Our results of ODVBA provided strong evidence that MCI-to-AD converters had already reached levels of widespread and significant brain atrophy at baseline. They confirm our earlier findings (Misra et al., 2009) of gray matter volume reduction in the temporal lobe and the limbic lobe, the orbitofrontal cortex, the precuneous and the insular cortex. Morever, compared with the earlier work, our results also present some new findings, most of which are in agreement with the literature. They include the middle occipital gyrus (Hamalainen et al., 2007), the lingual gyrus (Kinkingnehun et al., 2008), the cuneus (Kinkingnehun et al., 2008), the supramarginal gyrus (Risacher et al., 2010, Schroeter et al., 2009, Bozzali et al., 2006), the angular gyrus (Risacher et al., 2010, Hamalainen et al., 2007, Schroeter et al., 2009, Bozzali et al., 2006), the putamen (Douaud et al., 2011), the heschl’s gyrus, the rolandic operculum, the precentral gyrus, the straight gyrus (Schroeter et al., 2009), the olfactory cortex, and etc. In the literature, these regions are known to be altered in pathology studies of AD. Changes in these regions can be linked with clinical symptoms common in AD patients. For example, changes in the occipital gyrus, lingual gyrus and cuneus can cause visual field defects (Hof and Morrison, 1990, Armstrong, 1996); atrophies in the supramarginal and angular gyrus can be reflected by language impairments (Harasty et al, 1999, Ullman et al, 1997); and as a part of the auditory system, the loss of heschl’s gyrus may lead to certain auditory deficits (Goll et al, 2011).

For comparison, ODVBA demonstrated highest significance in group differences within the identified voxels.
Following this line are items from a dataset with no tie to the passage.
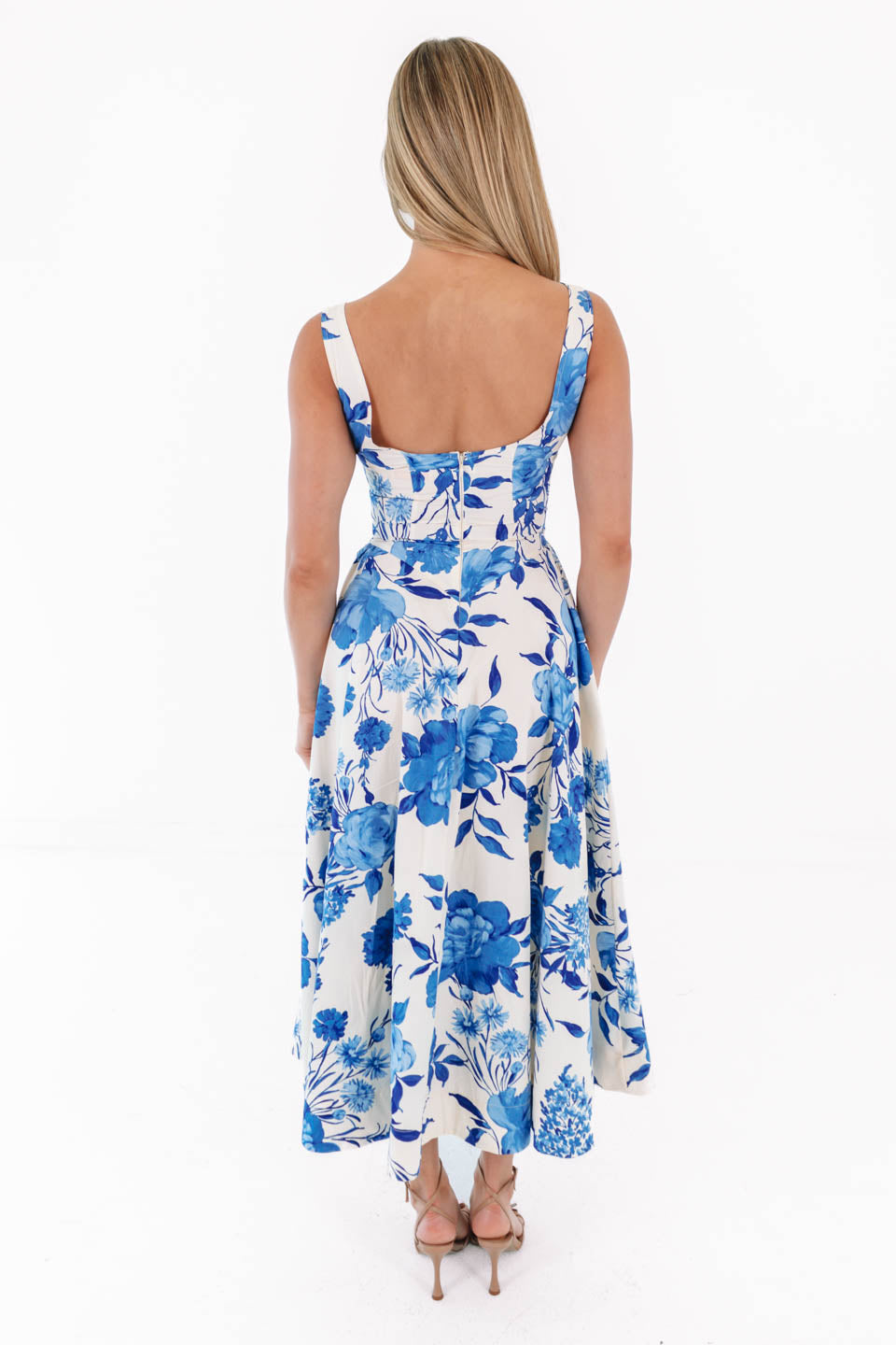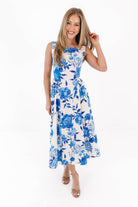 Fresh, feminine, and effortlessly graceful, this blue floral midi dress is a breath of fresh air. The classic sleeveless silhouette pairs perfectly with the flowy skirt, creating a look that moves beautifully with every step. Whether you’re headed to brunch, a garden party, or a summer wedding, this dress is ready to bloom wherever you go.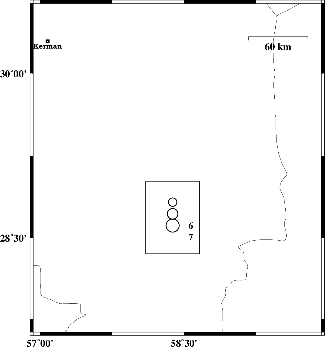 2010/05/03 | 06:16:31.8 | 10:46:31.8 | 28.98 | 57.91 | 14 | ML:2.8 | Kerman Province, 39 km North-East of Jiroft |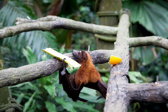 Сам сингапурский зоопарк выглядит как зеленый тропический лес, гулять по нему очень приятно. В определенные часы проводятся кормежки животных, во время которых они наиболее активны, поэтому на них интересно смотреть. Расписание кормежек написано на карте, которую можно взять при входе. Несмотря на богатое собрание интересных видов, общую аккуратность парка и хорошее состояние животных, впечатления у меня остались все-таки двоякие. Много раз, когда я читала про «самый лучший в мире зоопарк, где животные держатся в естественных условиях», я представляла себе нечто менее похожее на обычный зоопарк. Возможно, на меня бы произвели большее впечатление открытые вольеры, если бы я уже не видела подобных парков, где птицы летают над твоей головой и ходят вместе с тобой по дорожкам. Каким бы он ни был, это зоопарк, а не заповедник, и места многим животным маловато.
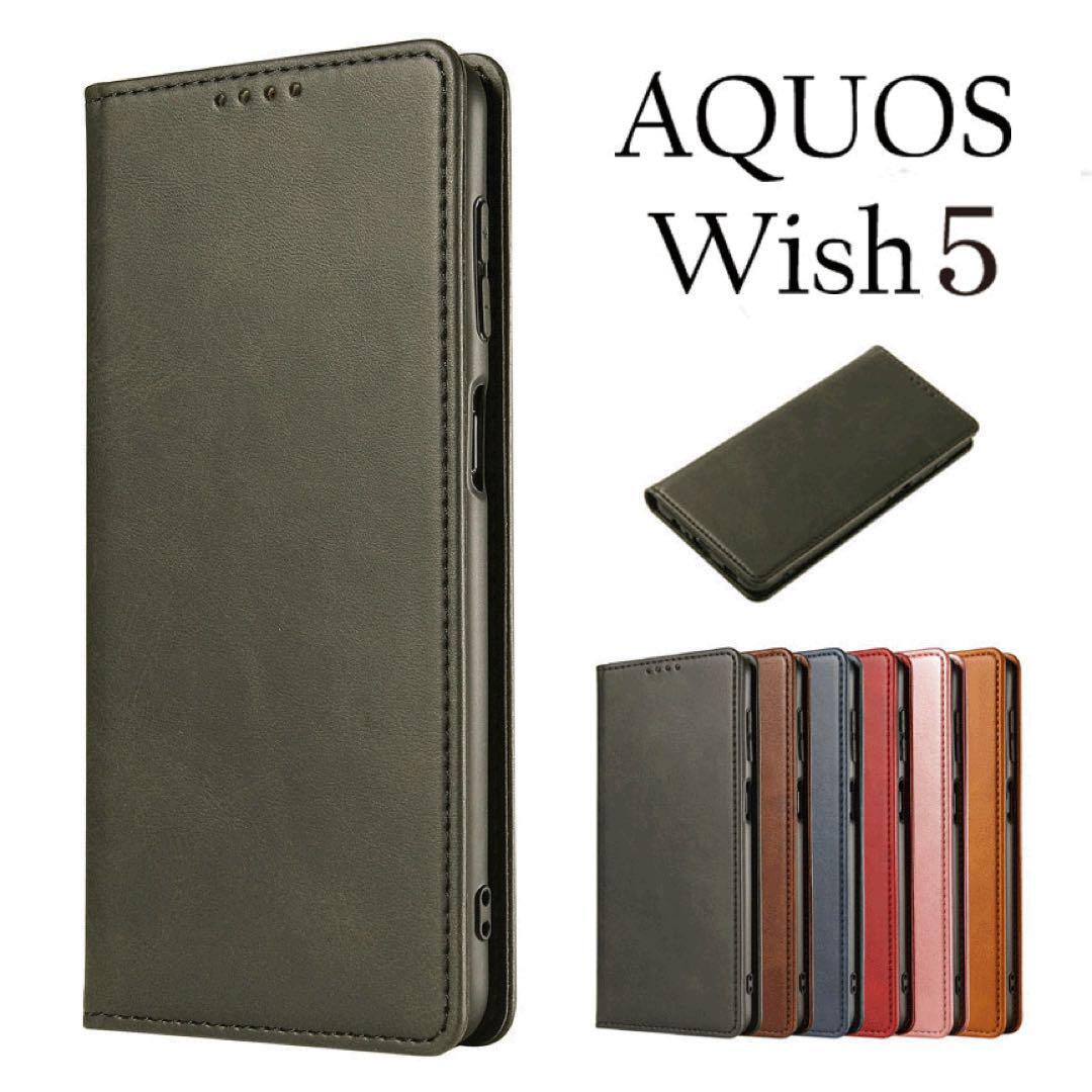 - AQUOS Wish5ケース アクオスウィッシュ5 ベルトなし マグネット:ブラック

In terms of spatial agreement of boundary, ODVBA and the two cluster enhancing methods: O-TFCE and G-TFCE performed the best, while GLM performed the worst, since it tends to blur the true structure of the group difference and do not necessarily conform to the shape of the underlying pathology. With regard to the spatial extent of the detected significant area, ODVBA produced the highest sensitivity of the voxel-based methods. G-TFCE and O-TFCE, as the cluster enhancing methods, demonstrated enhanced statistical power, with O-TFCE outperforming G-TFCE, thereby indicating the synergistic value between ODVBA and TFCE. In addition, in experiments based on classification, ODVBA demonstrated a slight advantage over the other voxel-based methods, and O-TFCE displayed an enhanced performance. In conclusion, ODVBA showed overall higher performance, at least for the criteria tested. In terms of agreement of anatomical boundary, spatial extent of detected area, and classification, it performed competitively with both cluster enhancing methods. It is worth noting that for all tested criteria, O-TFCE performed better than the original G-TFCE, thereby indicating the synergistic value between ODVBA and TFCE.

Two typical spatially adaptive smoothing methods: propagation-separation (PS) and wavelet denosing (WL) have been performed for comparison purpose. The experimental results demonstrated the stability of the two methods with varying smoothing kernel sizes, and excellent specificity in terms of agreement of tissue boundary especially shown in Figure 12(a). However, it’s also shown that PS and WL have limited sensitivity to detect the group difference. The reason is that the two methods smooth each single subject separately and do not enhance the discriminative information derived from population. Recently, there is some related work having great potential to tackle this problem. For example, MARM as well as its variant (Li et al 2011, Li et al 2012), has been proposed to extend the original PS method to the case of multiple subjects by incorporating the voxel-wise general statistical modeling for regression analysis. We will investigate their possible applications on two-group comparison analysis in our future work.